L’Agenzia delle Entrate con la Circolare n. 7/E del 7 agosto 2026 fornisce attesi chiarimenti operativi e interpretativi sulla Riforma dello Sport (D.Lgs. n. 36/2021).

All’interno della circolare vengono affrontati sette problematiche che impattano direttamente sulla gestione fiscale di Associazioni Sportive Dilettantistiche (ASD), Società Sportive Dilettantistiche (SSD), lavoratori e volontari.

1. Statuti delle SSD e Regime Agevolato (IRES e IVA)

Con la riforma le SSD costituite in forma di società di capitali o cooperativa hanno la facoltà, per diritto sportivo, di prevedere una “lucratività attenuata” (ossia distribuire parzialmente gli utili sotto il 50% o rimborsare il capitale ai soci).

L’Agenzia delle Entrate specifica che se una SSD esercita questa facoltà e inserisce il lucro attenuato nello statuto, perde il diritto alle agevolazioni fiscali più importanti (la decommercializzazione dei corrispettivi specifici versati da soci e tesserati ex art. 148, comma 3 del TUIR e art. 4 del DPR 633/72). Per mantenere i benefici fiscali, lo statuto deve prevedere il divieto assoluto di ripartizione degli utili.

2. Rimborsi Spese Forfetari ai Volontari Sportivi

I volontari possono percepire rimborsi spese forfetari fino a un massimo di 400 € mensili per attività legate a manifestazioni ed eventi sportivi riconosciuti.

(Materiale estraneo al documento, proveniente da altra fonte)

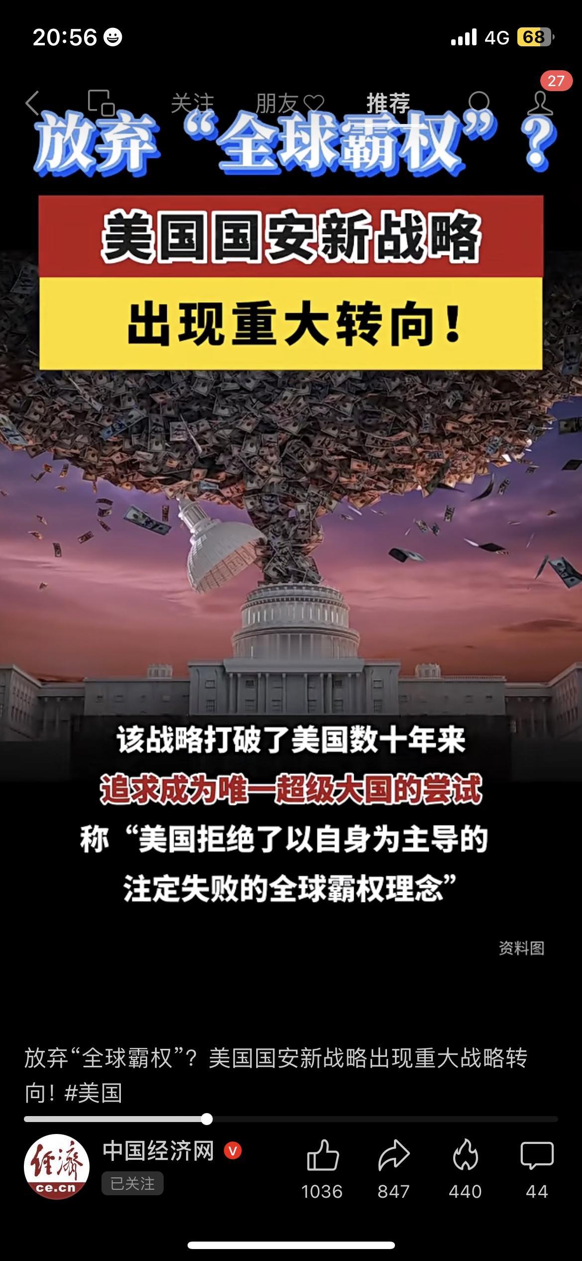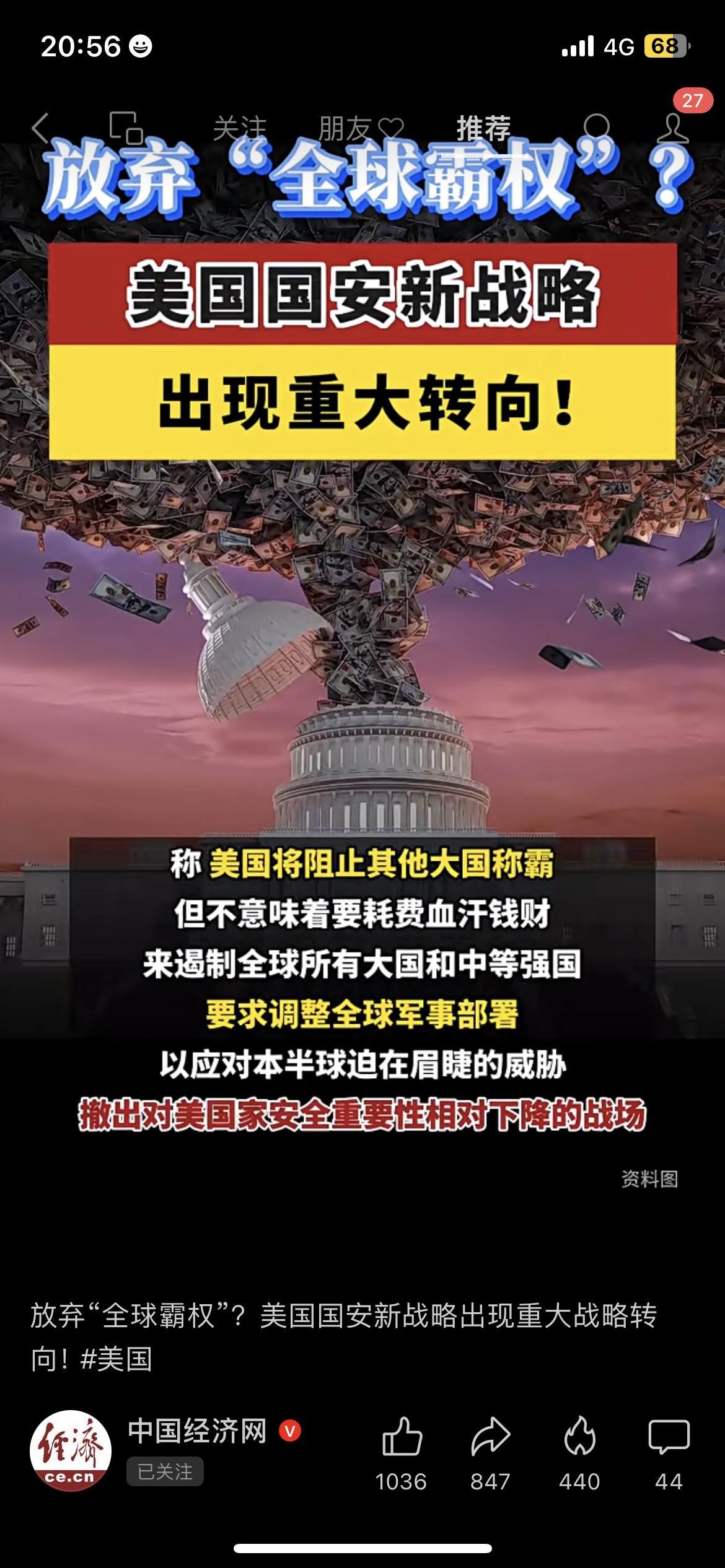 美国新版国安战略:调整对华经济关系,重心转向拉美 白宫刚发布的新版《国家安全战略》有两个核心变化,值得留意。一是称将以“互惠平等”为原则调整与中国的经济关系,同时强调重振美国经济自主地位;二是战略重心从长期关注的亚洲转向拉美,计划扩大西半球军事存在应对移民、毒品问题。 小众角度看,这一转向其实是美国对自身资源的重新分配,拉美作为“后院”的优先级被提升。实用增量一是可关注中美经济互动的新动态,比如贸易规则的微调;二是拉美相关领域的合作可能会增加,可留意该区域的产业机会。个人觉得战略调整是基于自身需求的选择,后续实际落地效果还得看具体动作。 你怎么看这次美国战略的重心变化?①以上内容核心事实均来自公开权威信息,仅供参考,具体可以官方最新通报为准;②个人解读仅代表客观分析,不构成任何引导,理性看待热点更重要。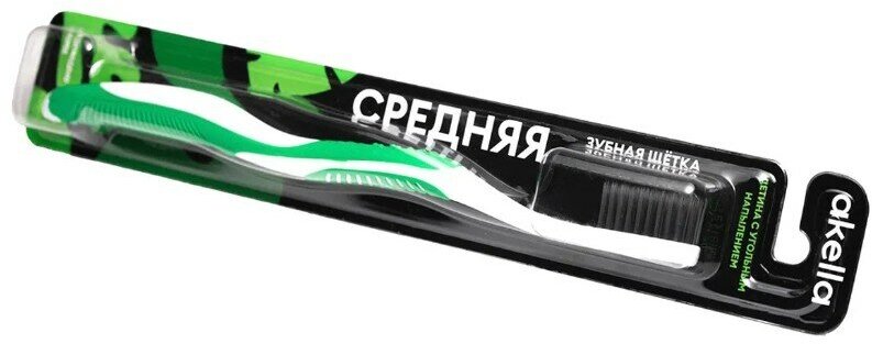 Уникальная зубная щетка для взрослых с щетиной средней жесткости от бренда AKELLA будет радовать вас не только красивым дизайном, но белоснежными зубками! Рекомендована при заболеваниях десен и снижении бактериальной нагрузки на полость рта.Щетинки зубной щётки имеют специальное угольное покрытие и изготовлены по запатентованной технологии на инновационном заводе в Южной Корее. Щетина изготовлена на высокоточном оборудовании и толщина щетинок составляет всего лишь 0,18 мм +/- 0,014 мм - это позволяет максимально глубоко проникать между зубами, прочищая недоступные полости и массирую десны. За счет угольного напыления щётка максимально эффективно отчищает зубной налет и дезинфицирует полость рта, препятствуя размножению (99,9 %) бактерий. Зубные щетки сертифицированы и прошли все клинические испытания. Нашу продукцию рекомендуют родители и стоматологи!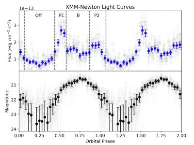 J2215的二元X射线和光学轨道光曲线。资料来源:uux.cn/Sullivan和Romani,2024年。...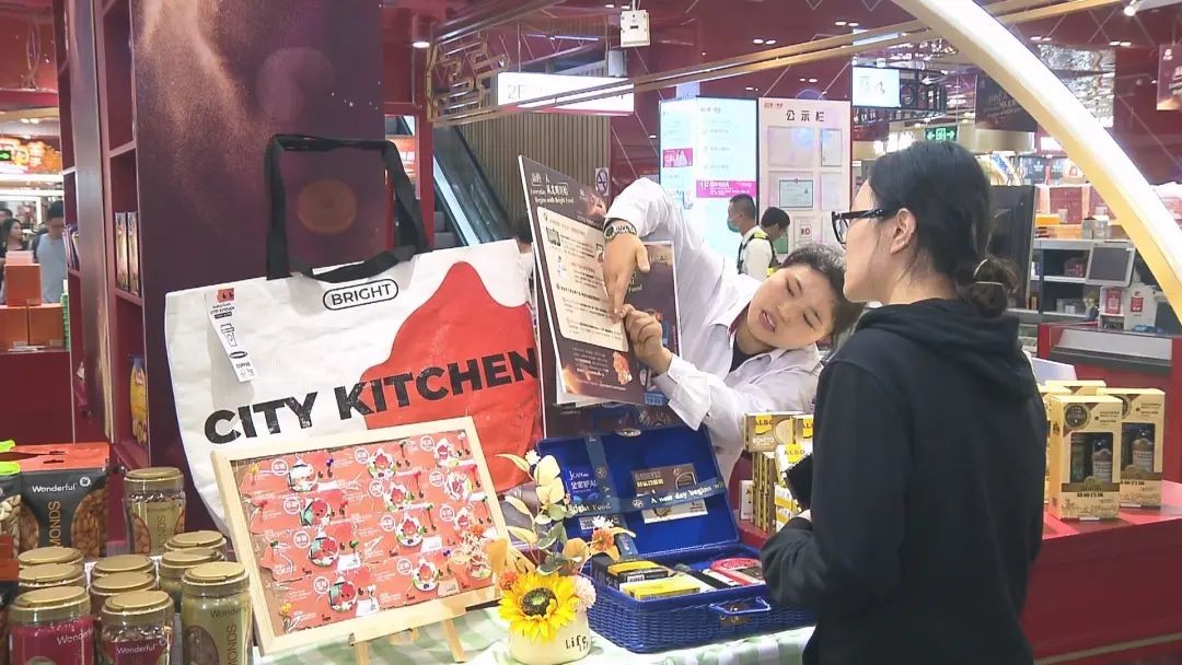 第六届中国国际进口博览会11月5日在上海拉开帷幕。为方便市民游客能够在第一时间购买到进博会同款商品,南京路步行街上的第一食品南东旗舰店专门辟出了“进博专区”,集中展示和销售超过100种进博同款商品,方便市民游客购买。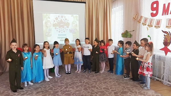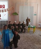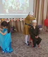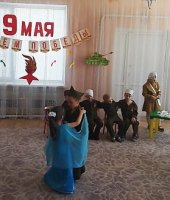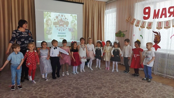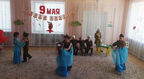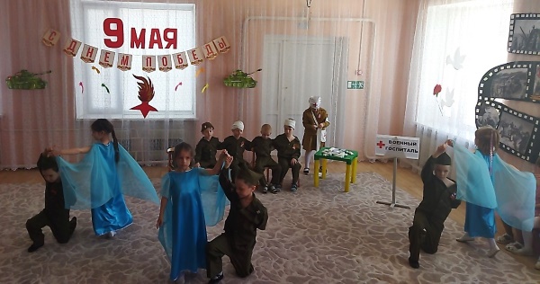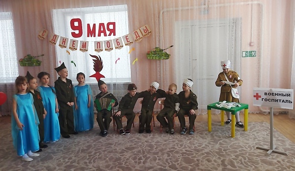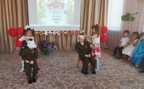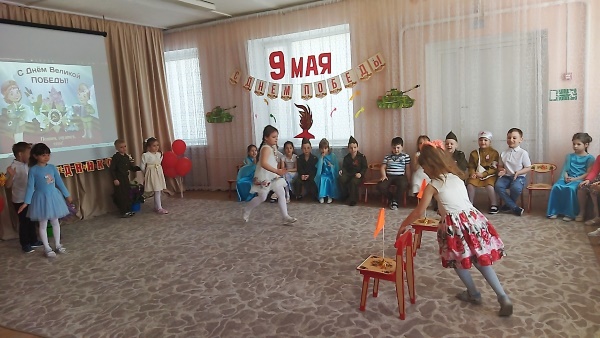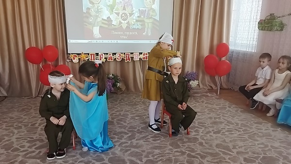 Ведущая праздника воспитатель Мамай Н. М. рассказала о подвигах советских солдат и о тех кто работал в тылу в годы Великой Отечественной войны. На празднике дети, с чувством особой благодарности читали стихи, исполняли песни, танцевали вальс. Инсценировали сценку «Военный госпиталь», играли в игры: «Вперёд к флажку», в которой проявила ловкость и смекалку, в игре «Перебинтуй раненого» дети проявили сочувствие, сноровку, ловкость.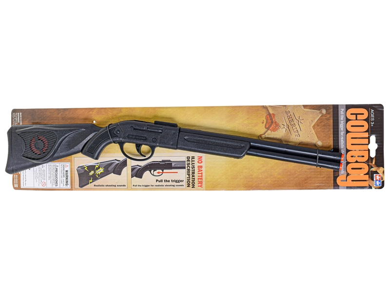 Privoščite otrokom pustolovščino Divjega zahoda s to kavbojsko klapajočo puško dolžine 50 cm. Lahka in preprosta za upravljanje igrača iz trpežne plastike v črni barvi ob pritisku na sprožilec oddaja avtentičen klapajoč zvok, ki še poudari igro kavbojev. Primerna od 3. leta dalje, praktično pakirana na kartici.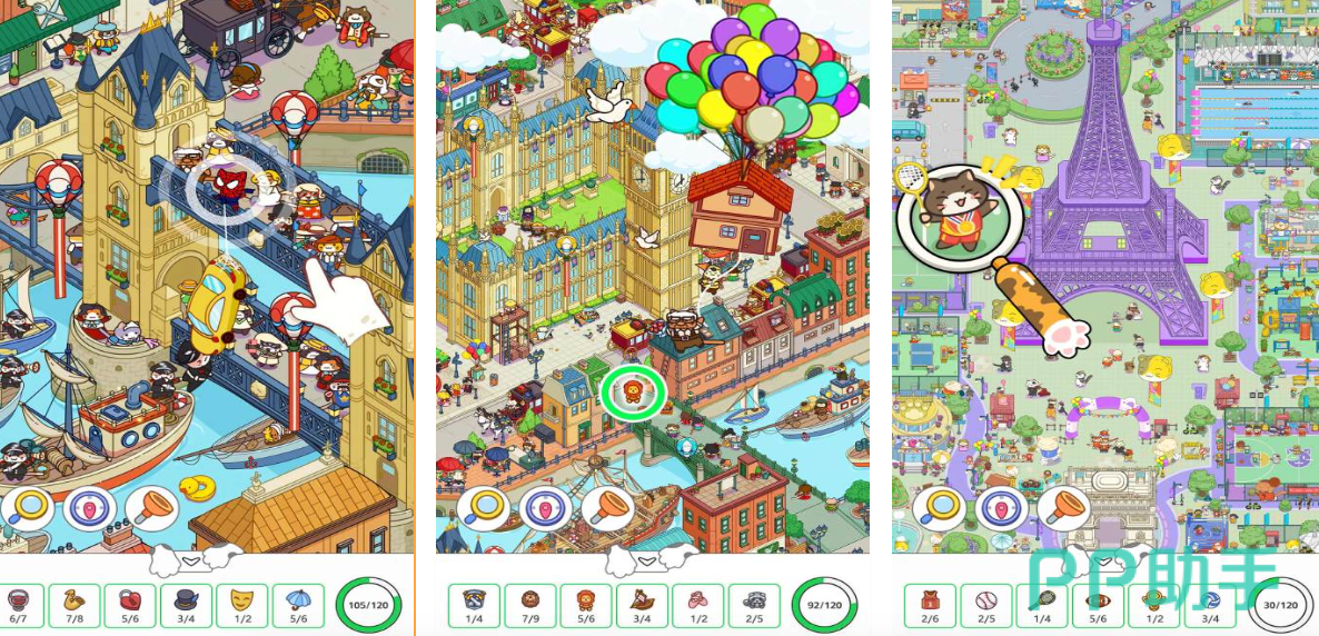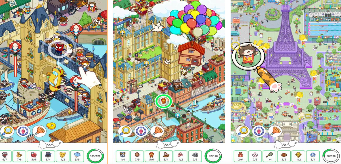 本作以全球地理文化为背景,构建出涵盖巴黎街巷、京都古寺、伊斯坦布尔集市等数十处真实风貌场景。玩家需在高饱和度、多图层叠加的画面中识别目标物品——从埃菲尔铁塔模型的微小反光,到浮世绘屏风上的隐藏纹样。每完成一地搜寻,即可解锁对应国家的器物图鉴,累计收集达180+件跨文化藏品。游戏无时间限制,强调沉浸式观察体验与渐进式难度设计。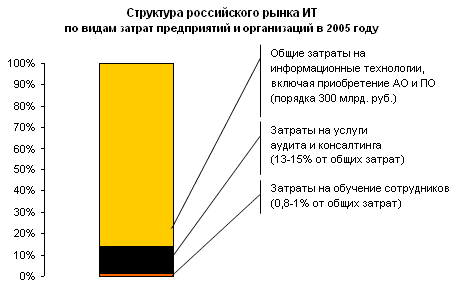 По оценкам CNА, российский ИТ-рынок в 2005 году вплотную приблизился к отметке в 300 млрд.руб. Примерно 250 млрд. руб. было потрачено на закупку нового программного обеспечения и аппаратных средств, около 46 млрд. руб. израсходовано на оплату услуг ИТ-аудита и ИТ-консалтинга и, наконец, немногим менее 3 млрд.руб. предприятия и организации инвестировали в повышение квалификации своих сотрудников в сфере ИТ (ИТ-обучение).

Tali rimborsi non concorrono a formare il reddito del volontario, ma vanno computati nel calcolo della soglia di franchigia fiscale dei 15.000 € annui prevista per il lavoro sportivo. Se il totale tra compensi da lavoro sportivo e rimborsi forfetari supera i 15.000 €, l’eccedenza concorre interamente alla formazione del reddito imponibile del percipiente.

3. Soglia di Esenzione di 15.000 € per il Lavoro Sportivo

La Riforma prevede che i compensi da lavoro sportivo dilettantistico non concorrano a formare il reddito fino a 15.000 € all’anno; questa agevolazione è legata alla natura oggettiva dell’attività svolta. Pertanto, l’esenzione si applica a qualsiasi veste contrattuale, incluso espressamente il lavoro sportivo subordinato (dipendente), oltre alle collaborazioni coordinate e continuative (co.co.co.) e al lavoro autonomo.

4. Esclusione dalla Base Imponibile IRAP

I compensi erogati nell’area del dilettantismo ai titolari di contratti di collaborazione coordinata e continuativa (co.co.co.) non concorrono alla base imponibile IRAP fino alla soglia di 85.000 € annui; l’esenzione dall’IRAP non è limitata però ai soli collaboratori sul campo (atleti, allenatori), ma ha carattere generale e quindi è applicabile anche ai compensi erogati per le collaborazioni amministrativo-gestionali.

5. Prestazioni Sportive Esenti IVA: Dispensa dagli Adempimenti

Il D.L. n. 75/2023 (art. 36-bis) ha introdotto l’esenzione IVA per le prestazioni di servizi strettamente connesse con la pratica dello sport rese da organismi senza scopo di lucro; per tali attività didattiche e formative esenti, le ASD e le SSD possono avvalersi legittimamente della dispensa dagli obblighi di fatturazione e registrazione prevista dall’articolo 36-bis del DPR n. 633/72.

6. Cessione del Contratto dell’Atleta (Cartellino)

Spesso le ASD o SSD cedono il diritto alle prestazioni sportive di un proprio atleta a società professionistiche dietro corrispettivo; questa operazione non può usufruire dell’esenzione IVA. La cessione del cartellino attiene a un aspetto economico-finanziario e il beneficiario effettivo è la società acquirente, non l’atleta.

L’operazione costituisce quindi una prestazione di servizi ordinaria e va regolarmente assoggettata a IVA.

7. Raccolte Fondi e Attività Commerciali Connesse (Regime Legge 398/1991)

L’art. 25 della Legge n. 133/99 prevede la detassazione dei proventi derivanti da attività commerciali connesse agli scopi istituzionali o da raccolte pubbliche di fondi (fino a 2 eventi all’anno e per un massimo di 51.645,69 €). Con la circolare l’Agenzia conferma che le recenti modifiche normative hanno semplicemente adeguato la platea soggettiva alla nuova riforma, estendendo formalmente il beneficio alle SSD istituite ai sensi del D.Lgs. n. 36/2021. Restano del tutto invariati i limiti numerici ed economici dei due eventi all’anno.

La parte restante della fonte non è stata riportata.